Virginia Carlsten is an American who has been living between the US and Italy for the past 18 years. She was living in Rome with her husband until 2009 when they moved to Charleston, South Carolina. They moved back to Italy in January 2012 and are living in Puglia with their daughter.

The idea of this blog came from discoveries in her own kitchen, as well as the different flavors experienced in the kitchens of others while living in different parts of Italy, and during her travels. This is a food blog not just of recipe ideas, but also the exploration of the 20 breads of Italy, region by region, town by town.

27 Responses to “About”

  1. Ciao Virginia!!!! Wt a surprise!!!
    Congrats 4 ur blog, it’s amazing!!!
    Ciao ciao

  2. What a lovely site, every page is mouth-watering. I love Italy’s culinary diversity.

  3. I have not heard of a bread called rucola, rucola is actually the Italian word for arugula.

  4. Have you ever heard of an Italian bread called ‘rucola’? If you have, could you tell me where i can get. also the recipe?
    Thank you

  5. Thank you!!! What a compliment

  6. Hi, Virginia! Just wanted to let you know that I nominated your blog for the Sisterhood of the World award. Thanks for all your cooking inspiration, friend.

    Here’s the link if you’d like to read more about the award:


  7. Love it!

  8. LOL. I was researching on italian breads and your blog popped out in google. After an hour reading a couple of your posts, then I realize that I actually know you!!!!!:)

  9. gostei de conhecer este site , me interessei muito pela qualidades dos produtos , gostaria de compartilhar recebendo as receitas

  10. This is such a great blog. I particularly loved the posts about the 20 breads of Italy. I have a blog called Sabina: A Stunning Land – My Secret Italy, lamiasabina.blogspot.ca Puglia, eh? I love the olive oils from that region. One day we will get there. Keep up the great work!

  11. Thanks a lot! I’m adding it right now! 😀

  12. Of course you may, I’ll love all of the traffic to my blog. I wish that I could add more breads, but since we moved to the US I don’t have the same access to Italy’s great breads like I used to.

  13. Hi! May I add your fantastic 20 breads of Italy page as permanent link on my blog? It’s a very useful resource for my blog’s purpose!

  14. I liked your crochette di riso.

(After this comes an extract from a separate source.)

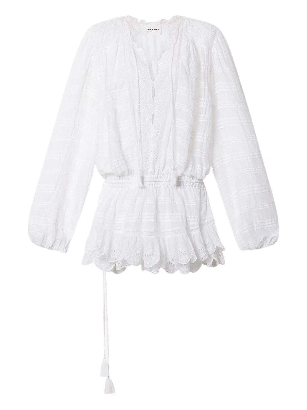 Preya laced mini dress Highlights - White - Lace detail - Striped pattern - Elasticated waist - Scalloped hem - Tassel detail Imported Composition Cotton 75%, Polyester 25% Washing instructions Read Manufacturer Guidelines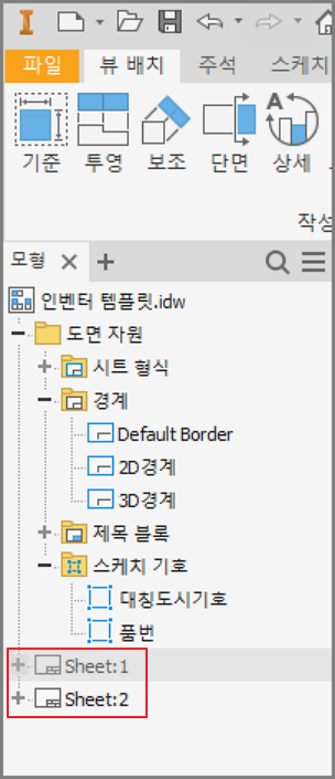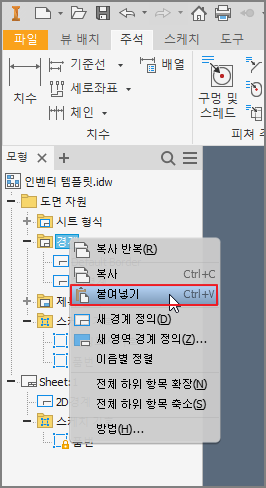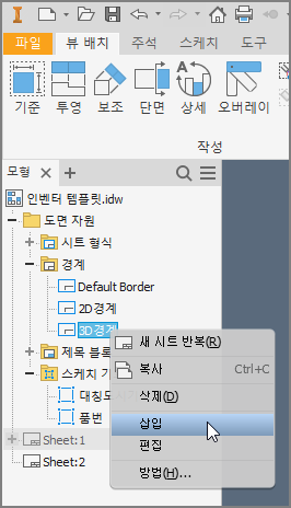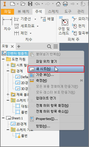 ① 모형검색기의 제일 상단의 *******. idw를 우클릭하여 [새 시트]를 클릭한다.

You might like to try my ham croquettes.

  15. Very very nice blog site!

  16. I don’t have Nana’s cookie recipe 😦 but I do have some others. I’ll send them to you. This blog is wonderful, Jenny. The photos are fantastic! Keep it up…

  17. I would be big as a house. I want me some of that there pizza. My mouth was watering. Great new recipes!

  18. i love to read your blog v. and … the clincher: i don’t cook. much. (but i do eat.) cin cin to an auspicious beginning and a dynastic future (?). Looking at these fotos and not have the cook and the cooked nearby is too cruel to put up with for too long.

  19. v!!you are going to be a famosa chef!!! starting next week i am going to start your rececetas one by one…they look so amazing and your writing is just divine. mucho amor to you dulce!!

  20. this is the best picture ever! bueno suerte amiga!!!

  21. this is great jenny, keep it up!

    definitely gonna try the pasta e fagioli recipe–it might make the cold cork rain seem a little less miserable!

  22. Glorious pictures, and great writing! The Italian feast from grocery to gastronome. I’ve had your cuttlefish which was fantastic. Keep on blogging Mama! I can’t wait to try your recipes–or wait!! maybe I can until you and Mico come home for the holidays.

  23. Awesome! I’m thrilled to watch your culinary adventures! Cin-cin!

  24. Do you have any of Nana’s recipes? I would love them, especially for her chocolate chip cookies. I miss her Christmas packages with the Quaker Oats box wrapped in tin foil with a bow on top filled with her cookies. Mmmmmm

  25. Jenny, your Nana Carlsten would have been so proud of you! She wrote her recipes the same way, in great and loving detail. She never followed a recipe without making her own revisions, with fantastic results. I read a book a while ago called Julie & Julia, about a woman who blogged as she attempted to cook every recipe in Julia Child’s Mastering the Art of French Cooking. It was a fascinating read and a great complement to Julia Child’s masterpiece. If you end up writing a cookbook, I’ll buy the first copy!

    Much love and buona fortuna!

  26. Right on – a good writer in addition to being a good cook. Can’t wait to read/eat the rest of your posts!!

  27. This is so awesome- I’m so happy that you’re doing this!!